Марго, заинтересованная разговором мальчиков, поднимает голову, смотрит на небо и видит: какой-то черный предмет с большими крыльями летит под самыми облаками. Марго всматривается пристальнее. Птица? Нет, не птица… Крылья белые… В середине темно… Ну, да, конечно, это — аэроплан. Марго даже знает, какой аэроплан. Она столько раз бывала с мамой на полетах воздушных машин в Париже, так интересовалась всегда узнавать, как называются эти машины-аэропланы — монопланами или бипланами, что умеет отличить их один от другого.
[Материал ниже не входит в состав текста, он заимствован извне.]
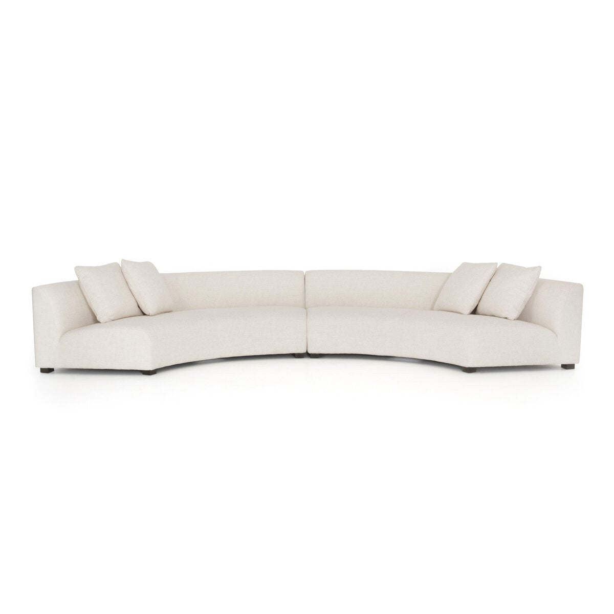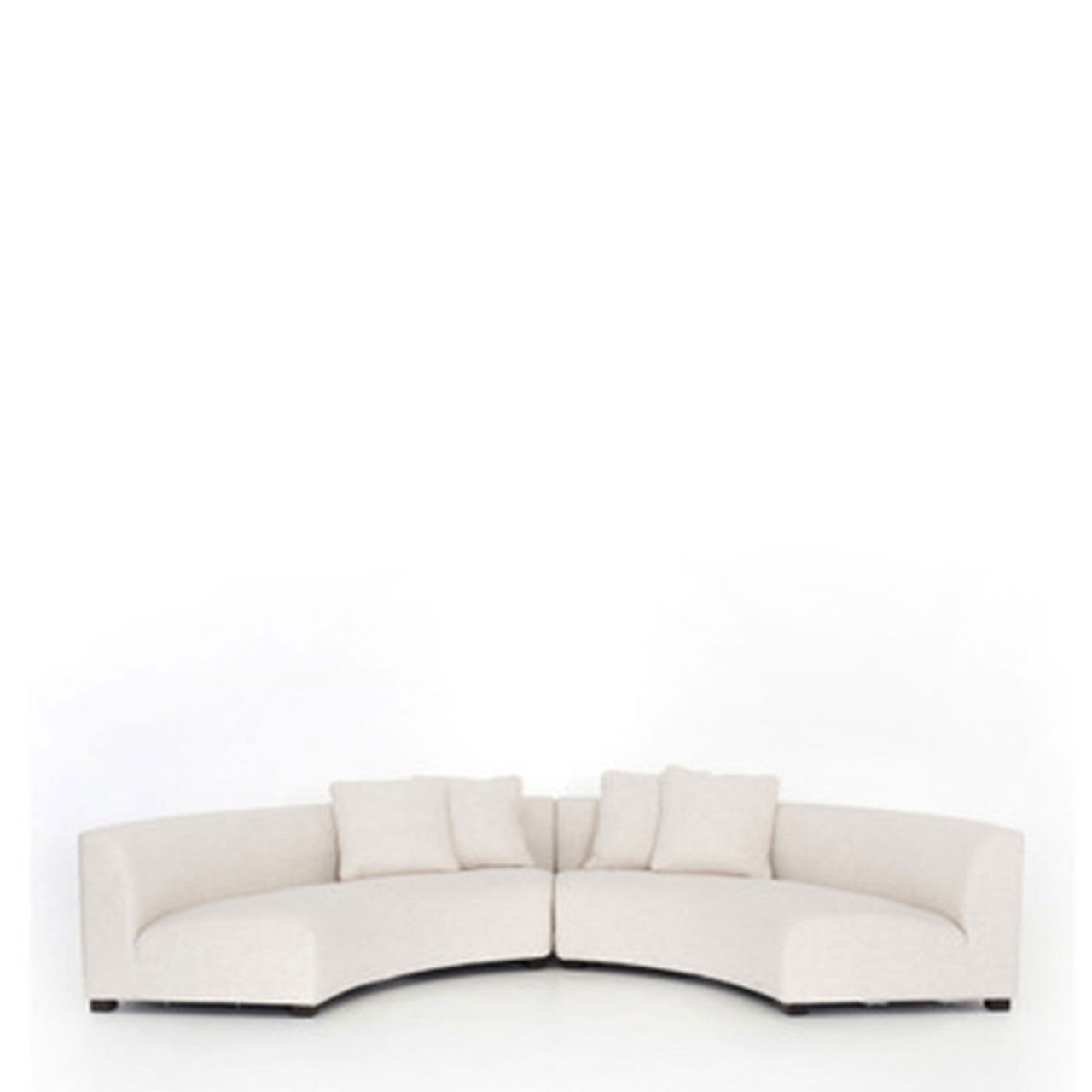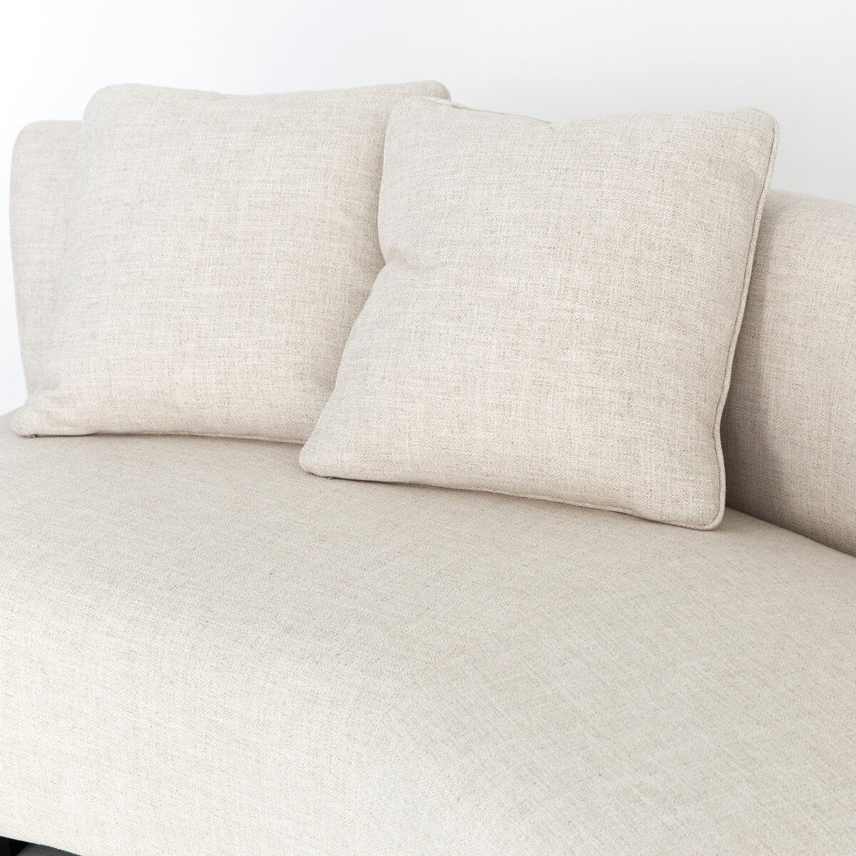 Eye-catching at every curve. A sophisticated take on sleek Italian design, cream linen-blend covering fashions an elongated crescent, bringing shapely effect to the modular sectional.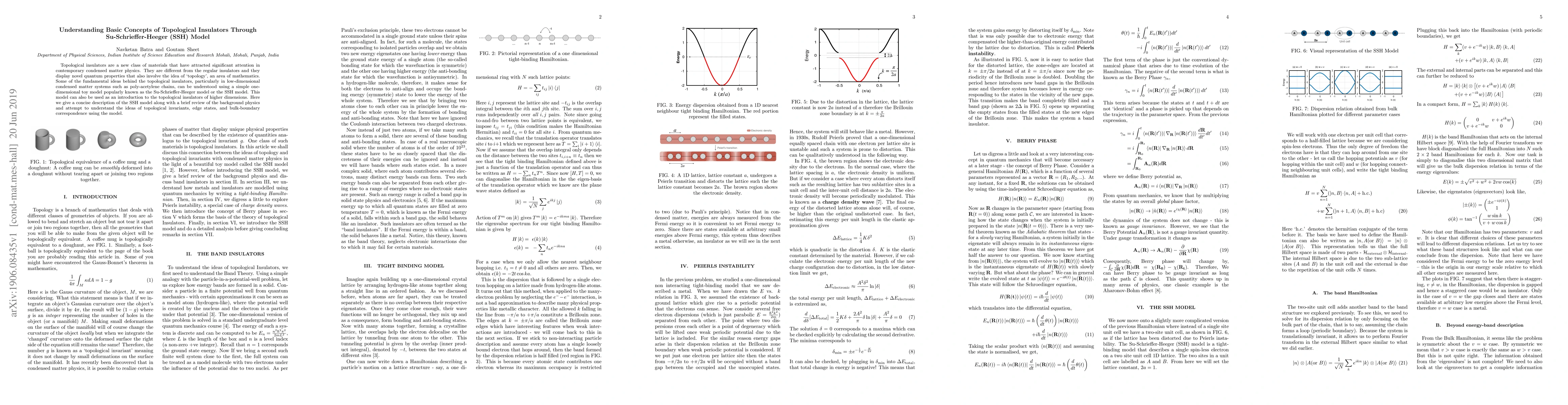This paper provides a concise overview of the Su-Schrieffer-Heeger (SSH) model, a fundamental one-dimensional toy model used to understand topological insulators. It reviews the background physics and explores concepts like topological invariants, edge states, and the bulk-boundary correspondence through this model.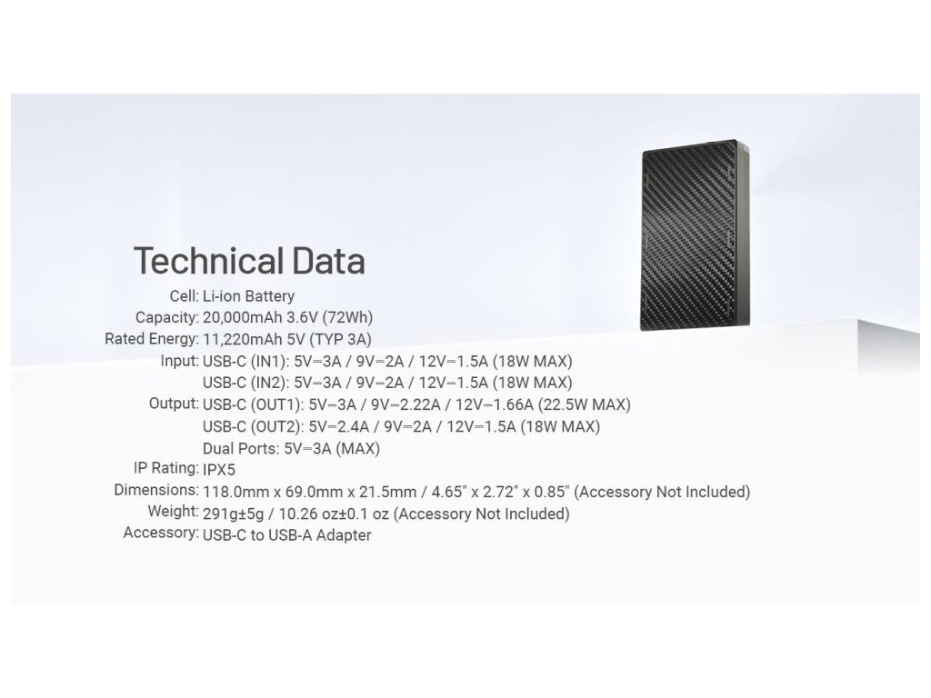 USB-C (OUT1): 5V=3A / 9V=2,22A / 12V=1,66A (22,5W MAX)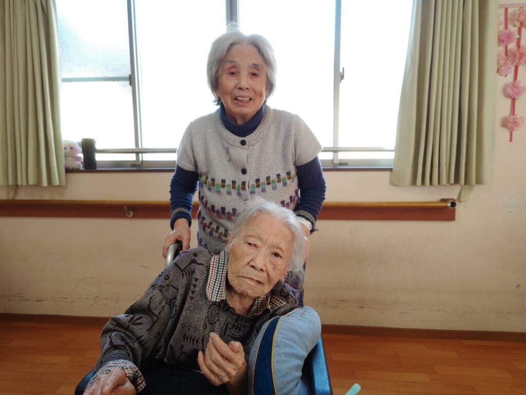一緒に車椅子を押しながら施設内を散歩されていました。
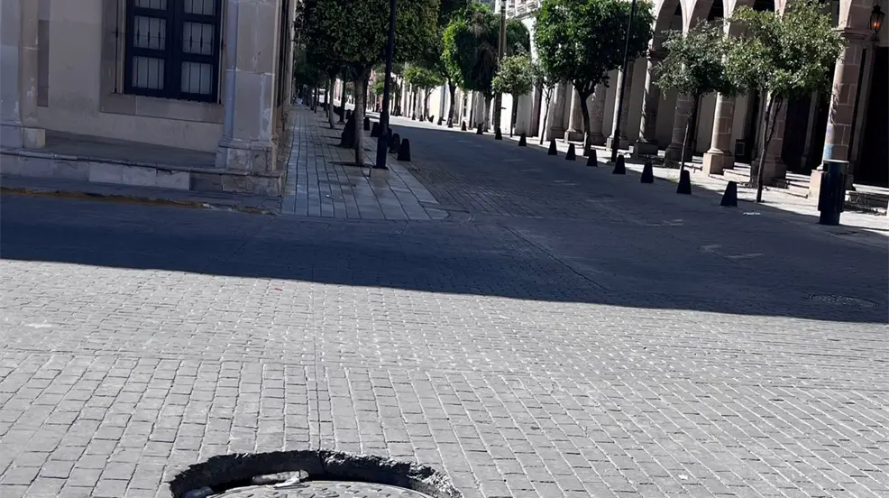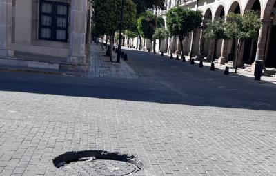 Tapa de CFE en mal estado ocasiona 'mega bache' en crucero de Centro Histórico

И теперь, гордая своей опытностью в этом деле, она весело сообщает окружающим ее детям на своем ломаном русском языке, поднимая пальчик над головою и указывая им в небо:
— Этая… аэроплян… Я знай… Это в Париж видаль… Oui, Oui! C’est ça. C’est çа! Да, да! — и она даже подпрыгнула от удовольствия и забила в ладоши.
— И впрямь аэроплан, братцы… Француженка наша правду говорит, — первый произнес умненький Ванюша.